The Fed struck again yesterday afternoon with another .75 percentage point haircut for the Fed funds rate. Since August, this rate has fallen from 5.25 to 2.25 while inflation has risen from 2.5% to well over 4%.
Mungowitz will probably kick me off this blog for beating this particular horse so often, but I think this is bad policy. The only thing I think these rate cuts have done is reduce the greatly feared ARM re-sets that were on the near horizon. However, we now pretty much know that the real problem for homeowners is not payment re-sets, but that home prices have fallen (or stopped rising) enough to make their positions negative. We have too much housing still at too high a price and the price re-set is slow. One thing that would help would be to stimulate the demand for housing with lower long term interest rates, but the current Fed policy of allowing inflation to rise has 30 year mortgage rates "stuck" well above 6%.
In sum, while I applaud the lender of last resort actions the Fed has been taking, I see little good and a lot of ill coming from these unrelenting Fed fund rate cuts. They won't stave off a possible recession, nor will they solve or notably improve the housing crisis. They will push up inflation and keep long term rates higher.
3 comments:
That's pretty much what I've been wondering about this, myself. So is this a case of my macro education not being the same product as what Dr. Bernanke taught at Princeton, or is it just the political pressure?
Why wait for housing prices to adjust? Just lower the value of the dollar so that a 500 sq ft condo in NYC is really worth $500K.
I just read Bernanke's textbook, and his actions don't seem consistent with it.
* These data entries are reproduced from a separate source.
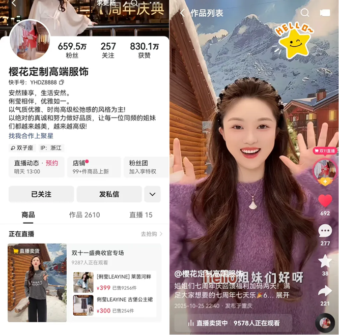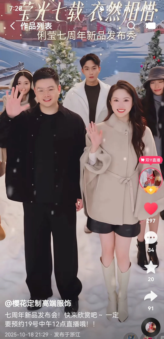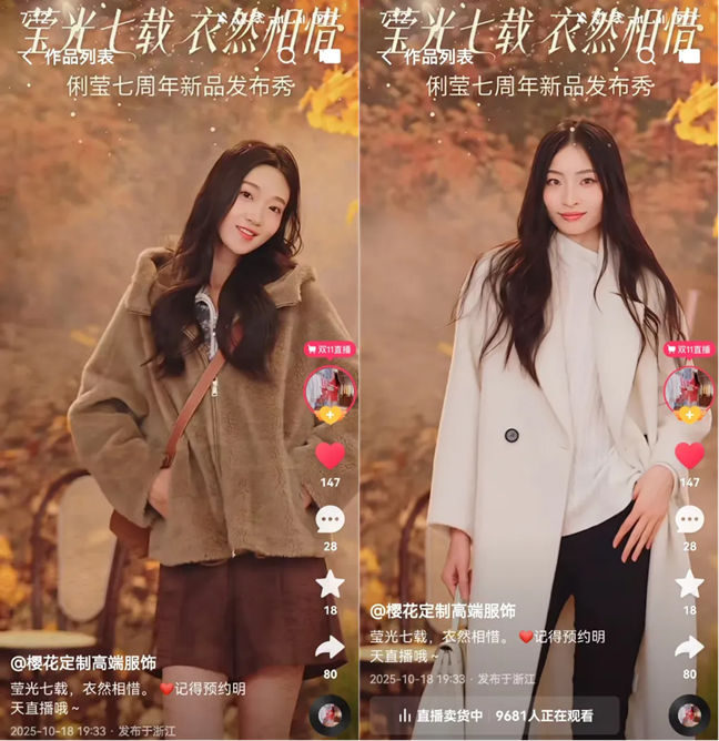 靠自有供應(yīng)鏈保障品質(zhì),以內(nèi)容場迭代搶占用戶心智,“櫻花定制高端服飾”主播安然也正完成從源頭工廠帶貨主播到“品牌主理人”的關(guān)鍵跨越。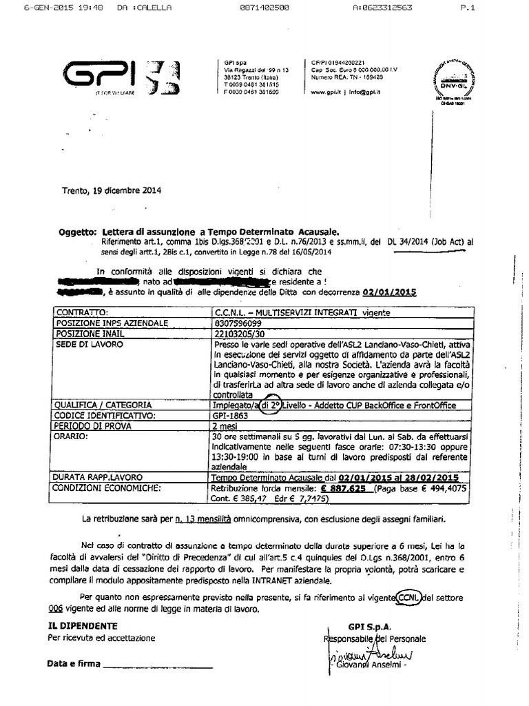 Lettera assunzione tempo determinato 2015
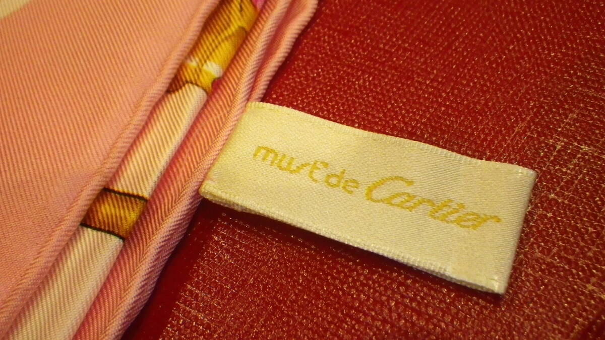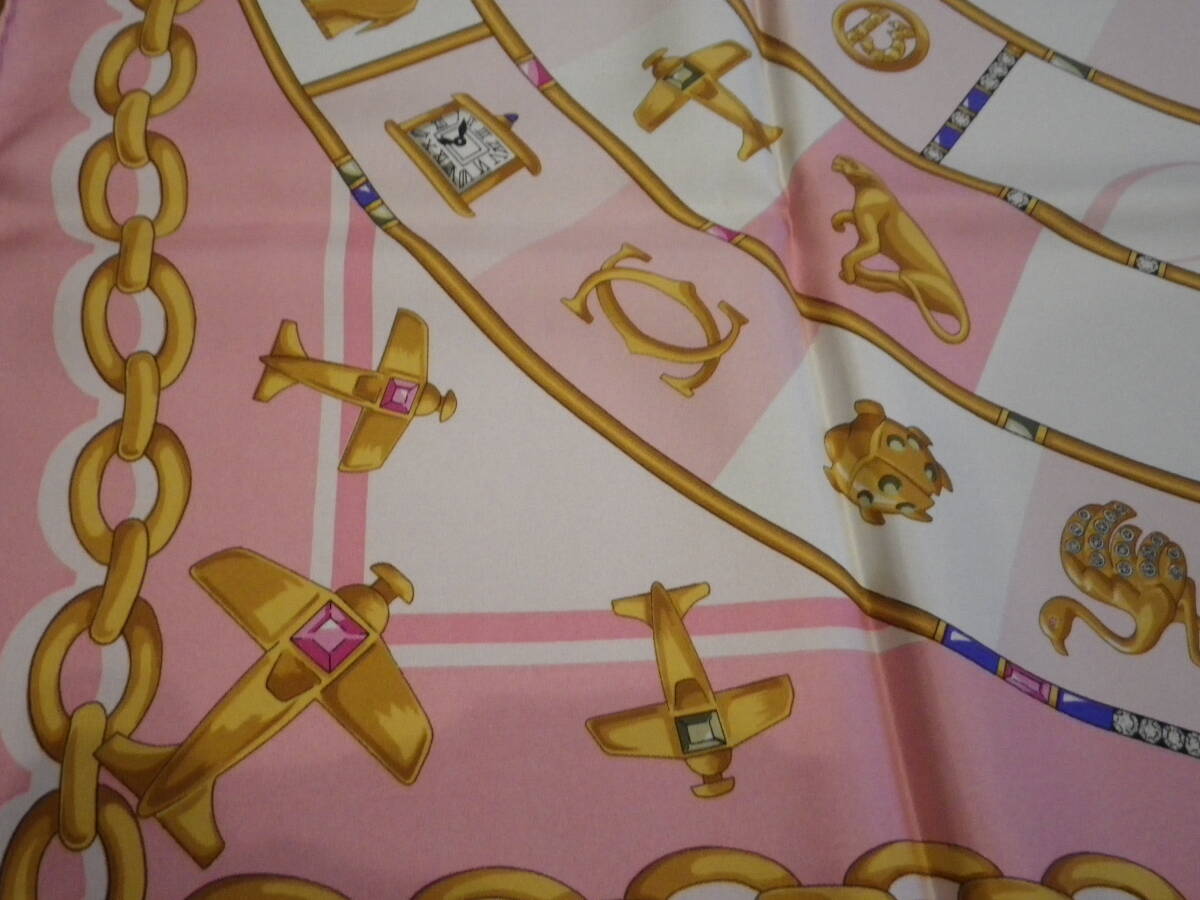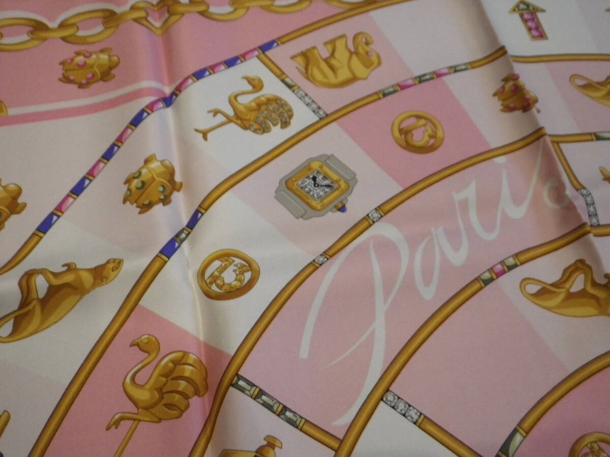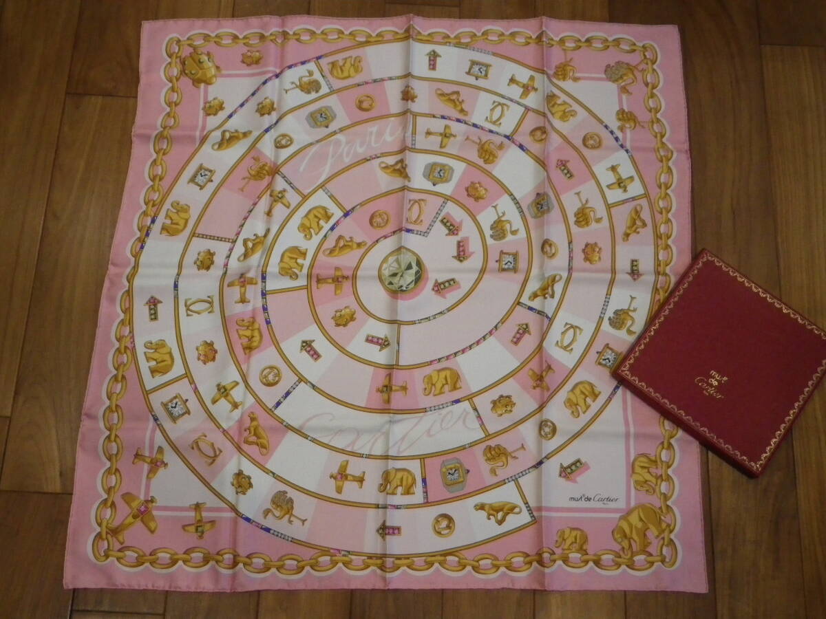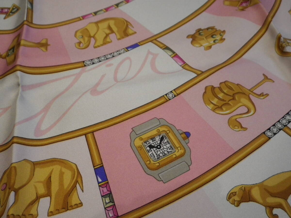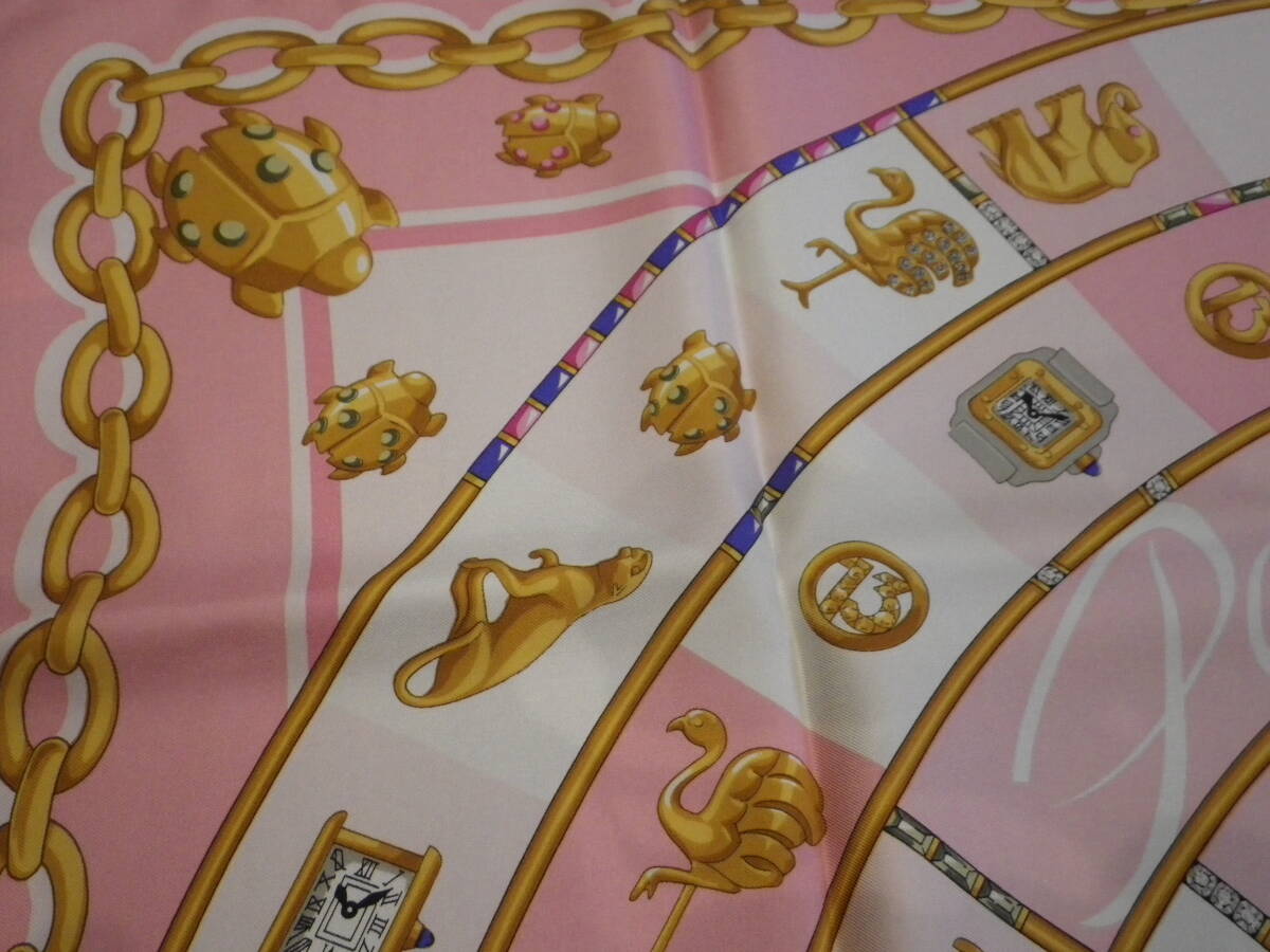未使用箱入り カルティエ アクセサリー柄スカーフ ピンク タンク サントス シルク100%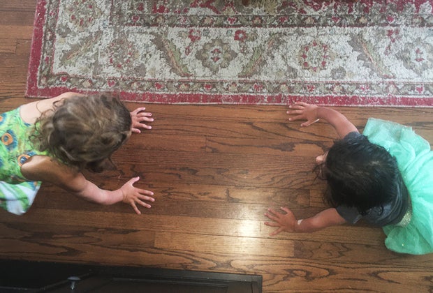 Each child should get into the push-up position across from one another. Make sure they can touch hands when their arms are extended. After each push-up, the kids hit hands and run through the "Pat-A-Cake" song. Switch hands each time like you would during the song. Don’t forget to try and roll your arms like in the song.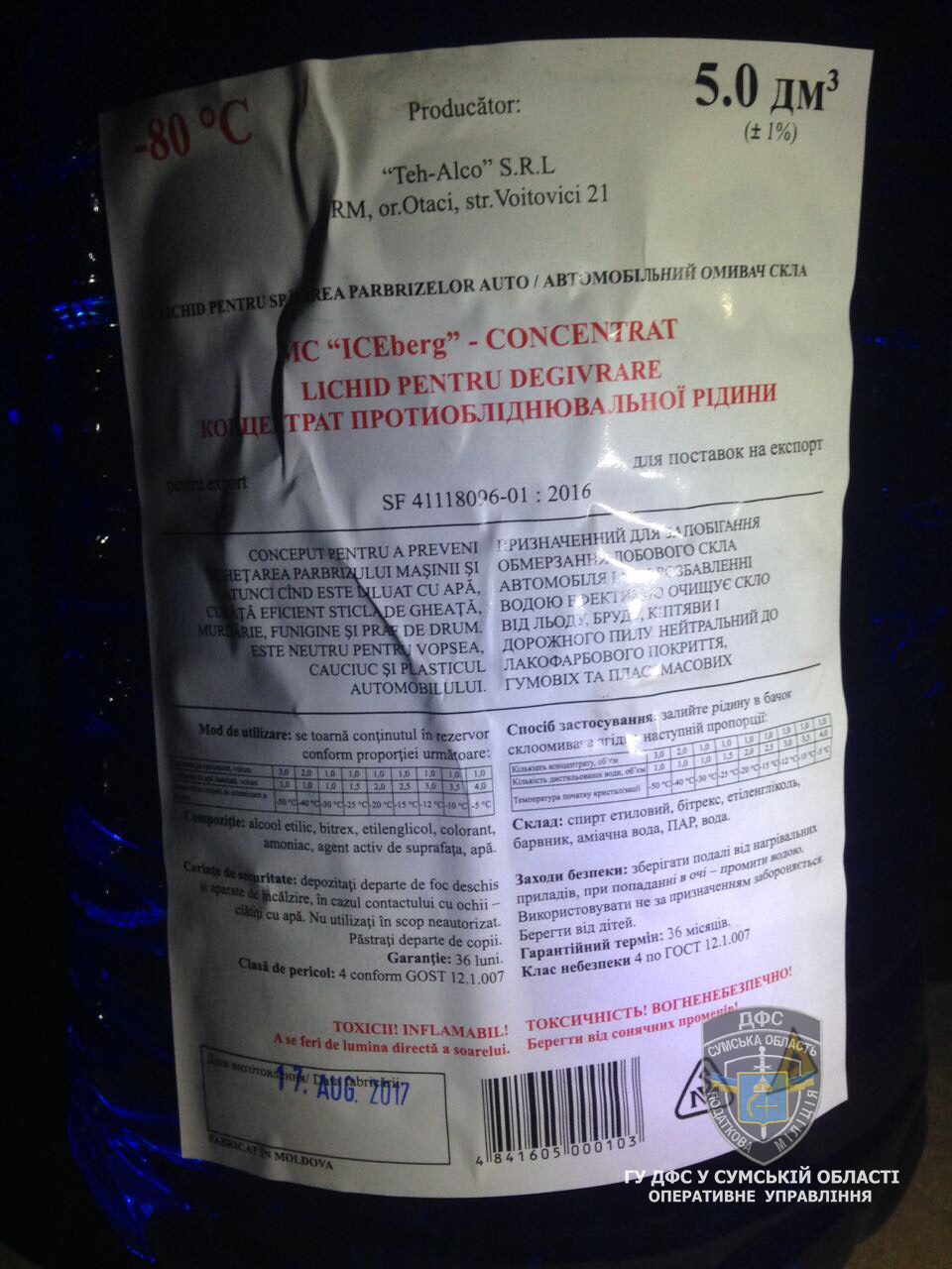 Про це повідомляє Цензор.НЕТ із посиланням на прес-службу Державної фіскальної служби.В ході операції "Акциз-2017" була встановлена група осіб, жителів області, які закуповували концентрат протиобліднювальної рідини виробництва Республіки Молдова, і в подальшому, шляхом її промислового очищення сірчаною кислотою, виробляли сурогатний спирт. Отриманий спирт планувалося використовувати для виготовлення фальсифікованого алкоголю.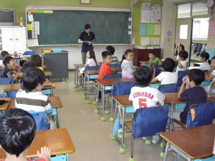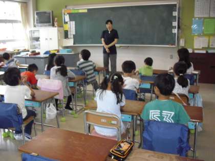 2年生の教室では、“朝の会”出席調べの際に、健康状況と子どもの好きな場所を発表していました。健康観察の後、“梅雨時の健康”について子どもにできることをわかりやすく指導していました。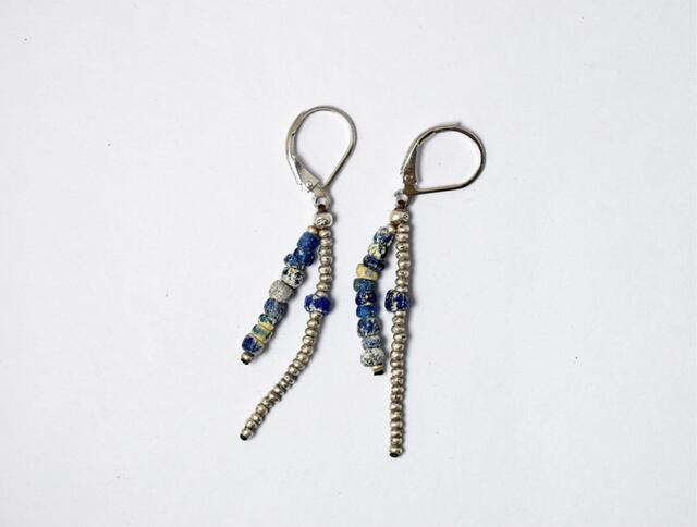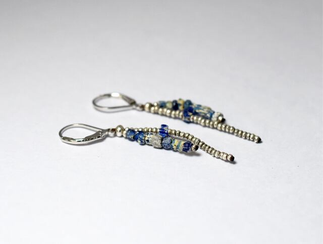 小さな小さなカレンシルバーと、インドパシフィックビーズ(7〜13世紀)を繋いだピアスです。

There are two governmental controls to spur the economy - (1) rates and (2) deficit spending. Greenspan and Bernanke have been telling congress for years to save for a rainy day. That rainy day is here, and we're broke. Bernanke's pushing the gas pedal all the way to the floor, but there's no fuel in the tank.
IMO, we just have to cross our fingers and hope some scientist will invent something really valuable like the pc or the internet or engines that run on air or water.
One thing that would help would be to stimulate the demand for housing with lower long term interest rates, but the current Fed policy of allowing inflation to rise has 30 year mortgage rates "stuck" well above 6%.
The 10 year note is about 3.4%. So don't you think the "stuck" mortgage rates have more to due with a risk premium than inflation expectations?